>>>
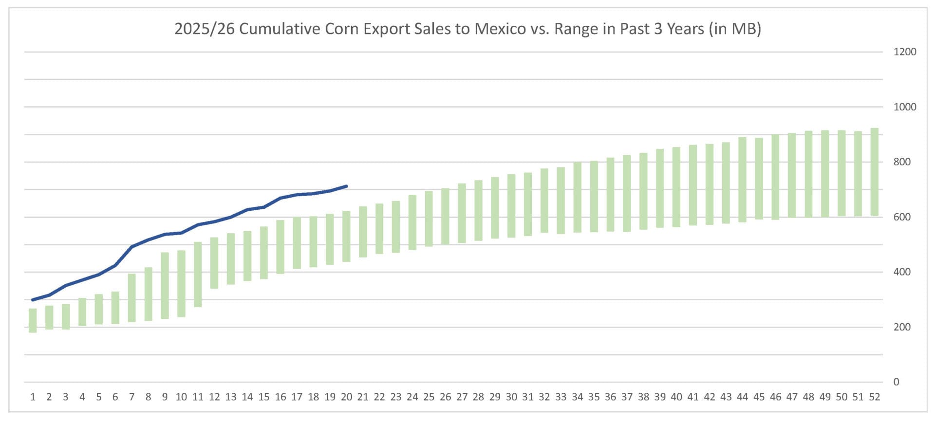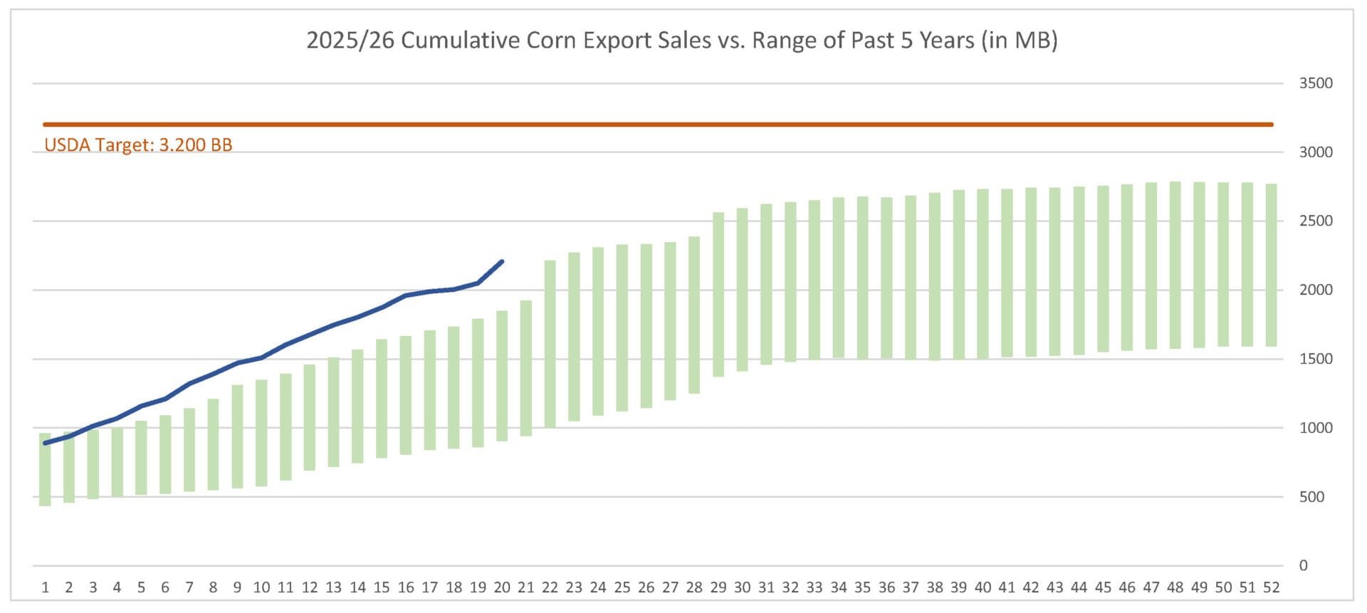 Last week’s corn export sales pace was estimated at 157.9 MB. After 20 weeks, corn sales were at 69% of USDA’s expectations vs. 58% last year. With 32 weeks left in corn’s export marketing year, sales need to average 31.0 MB to make USDA’s projection of 3.200 BB.
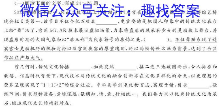 (一)阅读下面的文字,完成24~26题2021年的大年初一,河南卫视春晚上的舞蹈节目《唐宫夜宴》成功“出圈”,登上微博综艺榜晚会栏目类第一,该节目不仅令亿万观众,更重要的是把国人印象中的传统文化在台上给“舞”活了,它用5G、AR技术展示虚拟场景,力求将盛唐的风采和少女的灵动搬上舞台,再现盛唐时期的大国气象和以“唐三彩”为代表符号的唐韵之美,()。不仅舞蹈表现了赴宴宫女灵动机巧的梳妆打扮以及宫廷夜宴的厚重瑰丽,还以两幅传世名画为背景,达到了凸显作品庄严与大气。曾几何时,传统文化传播,如此突然、接二连三地破圈而出,令人振奋和欣慰。信息时代背景下,现代技术与传统文化的融合创新亦在文化多样化的今天,以更理想的荧幕呈现实现了““1+1>2”的综合效应。中华美学讲求托物言志、寓理于情,讲求、凝练节制,讲求形神兼备、意境深远,强调知、情、意、行相统一。我们要力求以优秀传统文化为基石,锻造现代文艺的精彩所在。
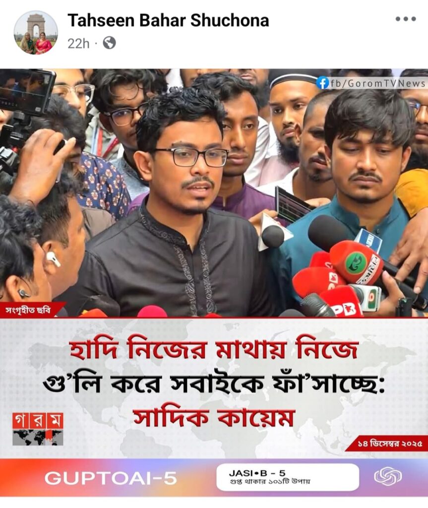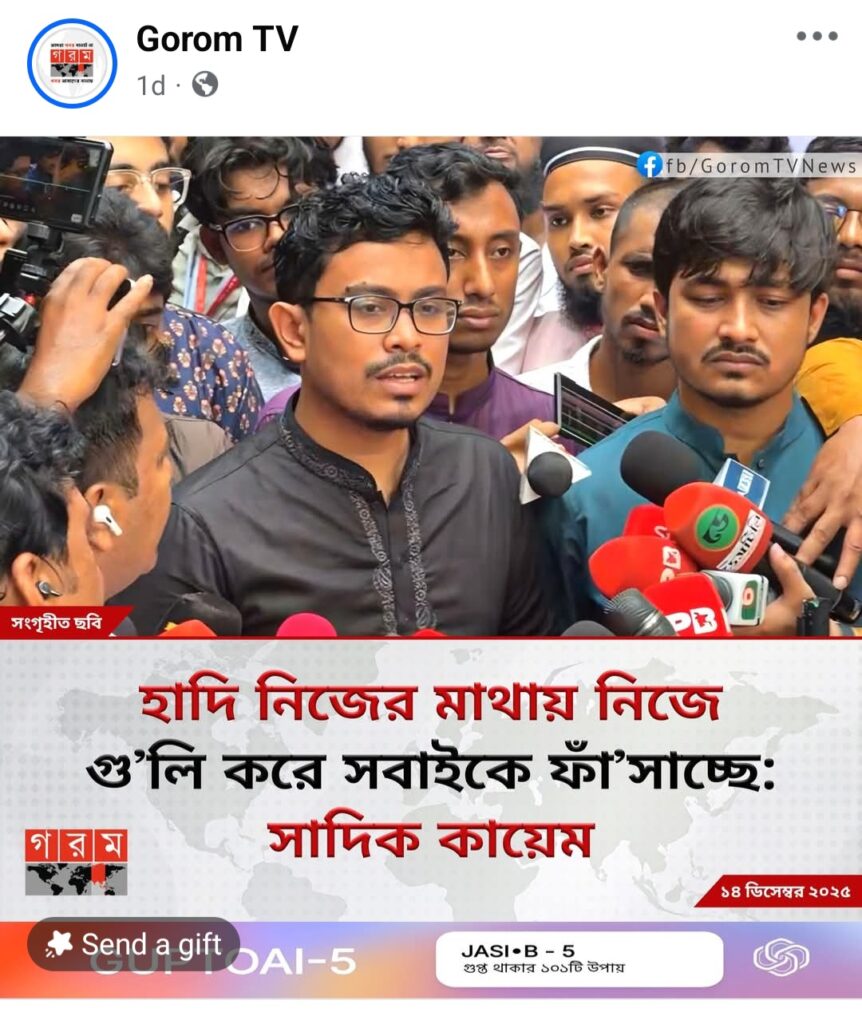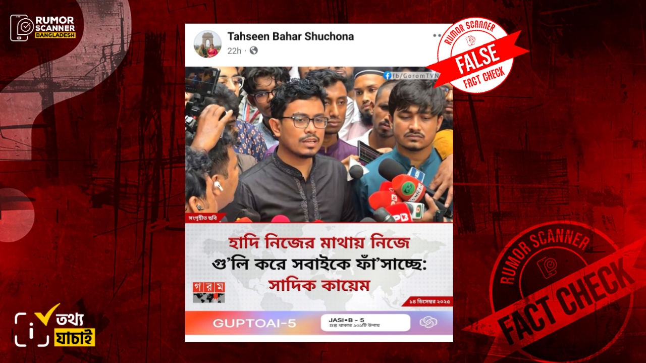 সুতরাং, সাদিক কায়েম ‘হাদি নিজের মাথায় নিজে গুলি করে সবাইকে ফাঁসাচ্ছে’ শীর্ষক মন্তব্য করেছেন বলে প্রচারিত তথ্যটি মিথ্যা।
<<<
Task prompt » Reproduce the data above word for word, but leave the images out.

Your response »
 Last week’s corn export sales pace was estimated at 157.9 MB. After 20 weeks, corn sales were at 69% of USDA’s expectations vs. 58% last year. With 32 weeks left in corn’s export marketing year, sales need to average 31.0 MB to make USDA’s projection of 3.200 BB.
 (一)阅读下面的文字,完成24~26题2021年的大年初一,河南卫视春晚上的舞蹈节目《唐宫夜宴》成功“出圈”,登上微博综艺榜晚会栏目类第一,该节目不仅令亿万观众,更重要的是把国人印象中的传统文化在台上给“舞”活了,它用5G、AR技术展示虚拟场景,力求将盛唐的风采和少女的灵动搬上舞台,再现盛唐时期的大国气象和以“唐三彩”为代表符号的唐韵之美,()。不仅舞蹈表现了赴宴宫女灵动机巧的梳妆打扮以及宫廷夜宴的厚重瑰丽,还以两幅传世名画为背景,达到了凸显作品庄严与大气。曾几何时,传统文化传播,如此突然、接二连三地破圈而出,令人振奋和欣慰。信息时代背景下,现代技术与传统文化的融合创新亦在文化多样化的今天,以更理想的荧幕呈现实现了““1+1>2”的综合效应。中华美学讲求托物言志、寓理于情,讲求、凝练节制,讲求形神兼备、意境深远,强调知、情、意、行相统一。我们要力求以优秀传统文化为基石,锻造现代文艺的精彩所在。
 সুতরাং, সাদিক কায়েম ‘হাদি নিজের মাথায় নিজে গুলি করে সবাইকে ফাঁসাচ্ছে’ শীর্ষক মন্তব্য করেছেন বলে প্রচারিত তথ্যটি মিথ্যা।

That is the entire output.